Research Paper
Signal Manipulation in Industrial Control Systems: Why Traditional Security Fails at the Physics Layer
Abstract
How signal manipulation attacks bypass traditional ICS security controls at the physics layer — and what defenders need to do differently.
Note on Responsible Disclosure
All signal manipulation techniques discussed in this article are drawn from publicly available academic research, industry standards, and government security guidance. The goal is to help defenders understand threats they may not have considered, not to provide attack tutorials. Where specific techniques are mentioned, citations are provided to peer-reviewed research published for defensive purposes.
When Harmonics Become Attack Vectors
Industrial control systems are built on an assumption: that input signals follow predictable physical laws. A 4–20mA current loop should vary smoothly. A 60Hz AC waveform should be sinusoidal. A sensor reporting temperature should change gradually, not instantaneously.
But physics also gives us harmonics — integer multiples of fundamental frequencies that naturally occur in electrical systems. A 60Hz power signal generates harmonics at 120Hz, 180Hz, 240Hz, and so on. In normal operation, engineers design systems to filter out these harmonics because they represent noise or inefficiency.
Here is the security problem: most control systems validate the fundamental frequency but do not verify harmonic content. They ask “is this a 60Hz signal?” without asking “is this a clean 60Hz signal?”
Why This Matters for Defenders
An adversary with physical or RF access does not need to compromise authentication systems or break encryption. They can inject harmonic content that:
- Causes sensors to misreport values — Harmonics can push analog-to-digital converters outside their expected operating range, creating measurement errors that look legitimate to downstream systems
- Triggers protective relays prematurely — Power systems use frequency-sensitive protection schemes. Harmonic injection can make a healthy system appear unstable
- Bypasses signal validation — If your ICS logic checks “signal present, frequency correct, amplitude in range,” it will not detect a harmonically-distorted signal that meets all three criteria
This is not theoretical. Researchers have demonstrated harmonic injection attacks against industrial vibration sensors (causing false equipment shutdown alarms), power quality monitors (masking actual grid instabilities), and MEMS-based accelerometers used in navigation systems.

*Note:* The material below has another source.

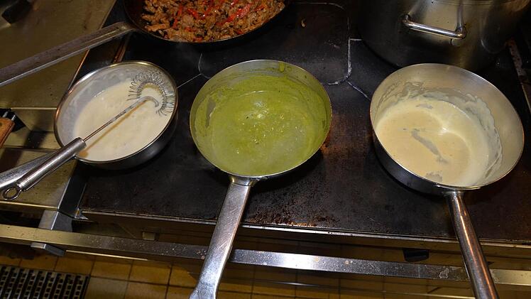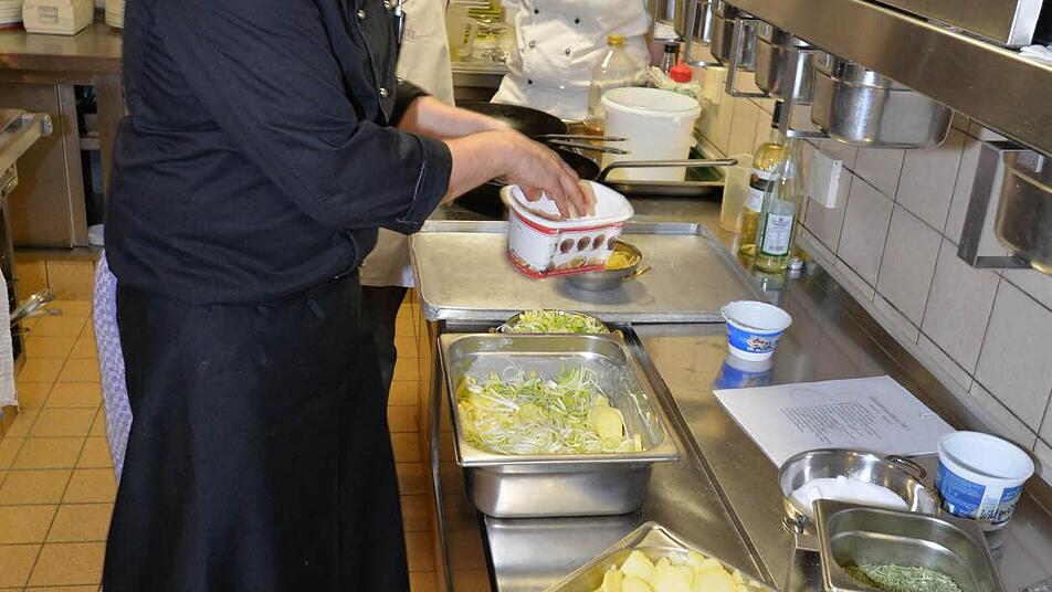 Während Rico Pfitzner brät, schneidet, schwenkt und rührt, hat er ein höchst aufmerksames Publikum: genüsslich ziehen die Topfgucker das Aroma dieser Soße ein, kosten jenes Gericht und kommentieren mit freudig gewölbten Augenbrauen den Geschmack von Fleischküchla und Dressing.

The Detection Challenge: Why Fourier Analysis Is Not Enough
If you have an electrical engineering or signal processing background, your first instinct might be to use Fourier analysis to detect anomalous harmonic content. The mathematics are sound — a Fourier transform decomposes any signal into its constituent frequencies, revealing harmonics that should not be there.
In theory, you could establish a baseline harmonic profile for each sensor and alarm when the frequency spectrum deviates. A clean 4–20mA loop should have minimal high-frequency content. If a Fast Fourier Transform (FFT) suddenly shows significant energy at unexpected frequencies, that is your indicator of compromise.
But operational reality is more complicated:
- Time-frequency tradeoff — Standard Fourier analysis tells you what frequencies are present but not precisely when they occurred. An attacker could inject a 200-millisecond harmonic burst that causes a relay to trip, but your frequency analysis averaged over a 1-second window might miss it entirely.
- Real-time constraints — FFT is computationally efficient, but it is still computation. A SCADA system processing thousands of sensor inputs at millisecond intervals cannot afford the latency of performing frequency analysis on every signal.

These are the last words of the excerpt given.